More than 500 personnel of the National Hospital, Abuja (NHA), left its services in search of greener pastures in the last two years, its Chief Medical Director, Prof. Mahmud Raji, has disclosed.
Raji told the News Agency of Nigeria (NAN) on Sunday in Abuja that most of them went abroad in search of better working conditions.
“The way they leave is a very hurtful thing for all hospital administrators.
“The most pitiful and worrisome aspect of it is the amount of money the Nigerian government has invested into each of these individuals either a doctor, a nurse, a pharmacist, a physiotherapist or whoever it is that leaves.
He said that the brain drain syndrome was an almost everyday activity as he treats two or three files of young people wishing to leave.
“Sometimes, not only young people; some people have actually gone through the ranks with lots of experience that they could teach other people. So, Nigeria is losing so much, painfully.
“Here, we have lost a number of quite senior doctors, especially the middle cadre doctors, and the very young ones.
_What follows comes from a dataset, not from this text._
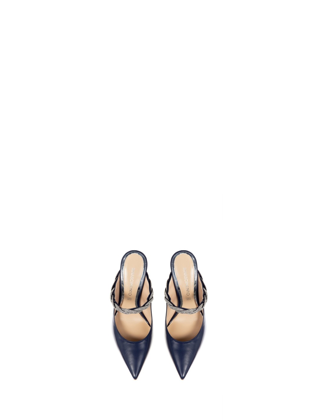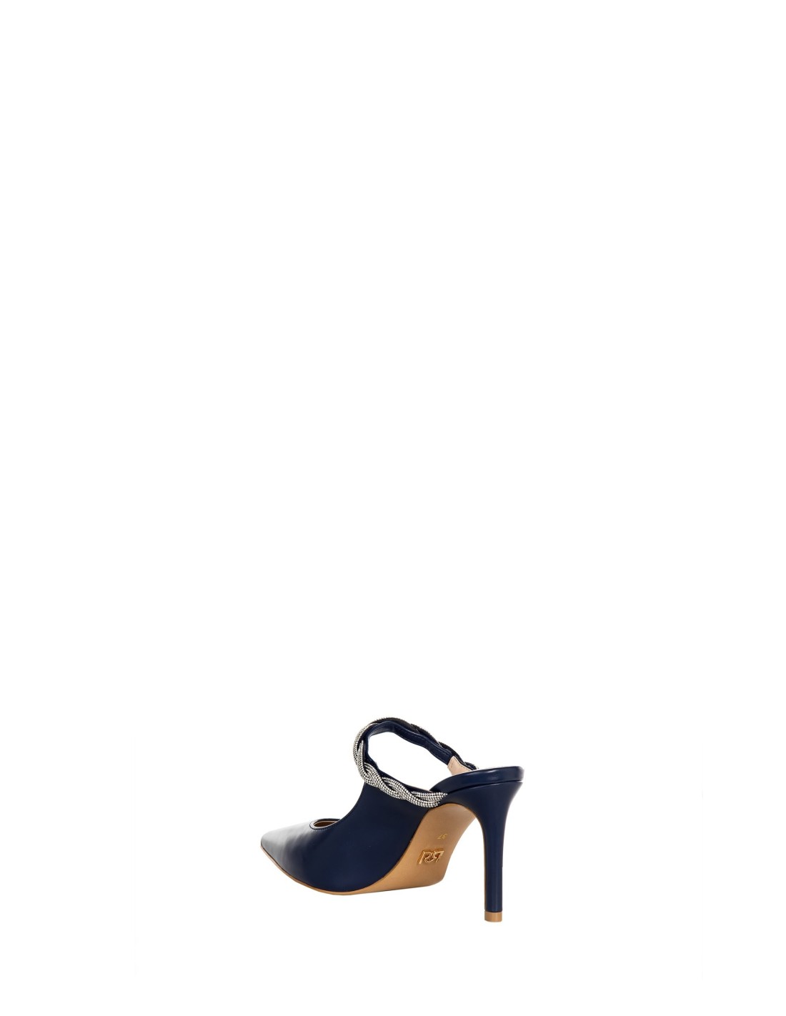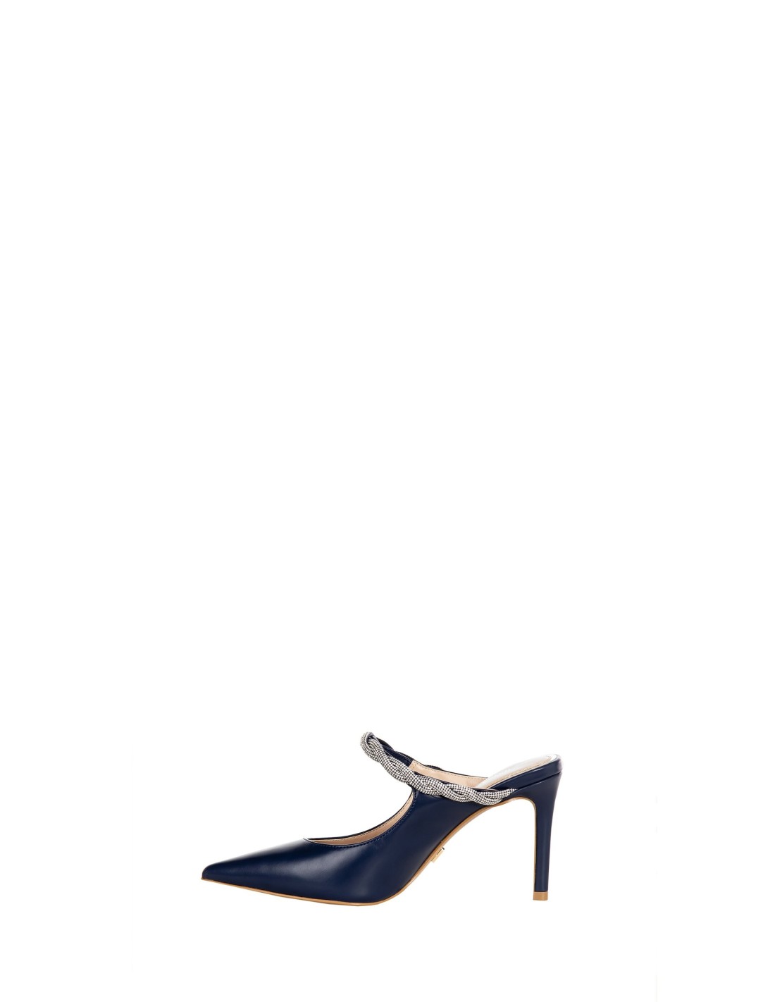 Slingback de salto alto de silhueta afilada, em pele lisa com acabamento macio. A ponta fina alonga a silhueta, enquanto a tira-joia trançada confere brilho e estabilidade. Perfeita para festas, cerimónias ou para elevar com elegância looks de noite.

“Nurses have also left from the middle cadre and the younger ones. Some of our medical engineers are hotcakes outside and have left.
“I must tell you, Nigeria trains people so much, Nigerian graduates and staff are well sought after, all over,” he added.
On reasons for their departure, he said that remuneration and job satisfaction had always topped the list.
“For instance, if a doctor or a nurse comes here, he or she needs to see an environment that is quite serene, quite beautiful, even to rest in a very comfortable area during their one hour break.
“At least you are able to have something to eat, replenish your energy before you go back to the next phase of work, but usually, in our hospitals in Nigeria, we don’t have such.
“In terms of the remuneration, it may not be as good as what you would expect elsewhere. Even though I must say the purchasing power in Nigeria is far better than the purchasing power elsewhere and our money is still able to buy something.
“We should also look at the unsolved problem of inter-professional rivalry that also eats into people’s psyche. People should be comfortable with the next person they’re working with, be it a nurse, a physiotherapist or whoever.”
Raji also said that the necessary equipment needed to work were not there and when these equipment are either non-existent or obsolete, the healthcare practitioners feel that more should have been done.
He, however, said that past governments had tried by taking very decisive stance on matters of health.
The current government has also put in a lot to rejig the health sector, he added.